Readability & Maintainability

-
Right now your code is a bit hard to read. A way to greatly help this would be to use better variable names.

-
Put the variable declarations to separate lines and initialize them to some value at the same time. From Code Complete, 2d Edition, p. 759:


With statements on their own lines, the code reads from top to bottom,
instead of top to bottom and left to right. When you’re looking for a
specific line of code, your eye should be able to follow the left
margin of the code. It shouldn’t have to dip into each and every line
just because a single line might contain two statements.

-
You should declare your for loops as such:

for(int i = 0; i < size; ++i)


Note that this was introduced in the C99 standard.

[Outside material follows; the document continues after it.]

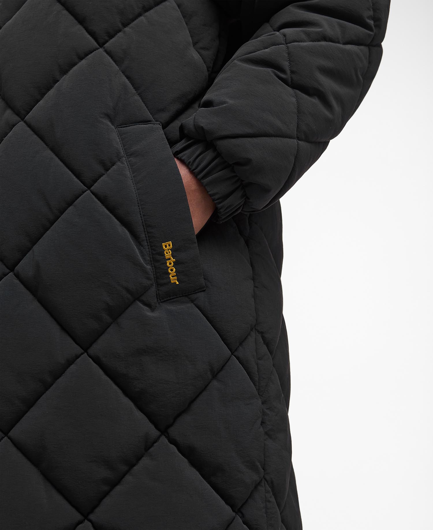 Invest in Barbour’s signature diamond quilting with the Barbour Kirkton Puffer Jacket.This longline style features Barbour’s iconic diamond quilting in a magnified form thanks to its 4″ style. Complete with an oversized fixed hood and elastic cuff details to lock in the warmth, it’s perfect for heading out into the colder weather.

There is no reason you should not be using this standard in your code.

Design

-
Group your variables in structs to make them more maintainable, a
good hint that you should be doing this is when you are passing in
9 parameters to your function.

-
Return the output vector; it makes your function easier to use.
You'll have to allocate the space in your method and free it
elsewhere. This also eliminates the potential bug discussed below.

-
Don't cast malloc().

-
Right now you are using this loop to zero out temp (or at least part of it)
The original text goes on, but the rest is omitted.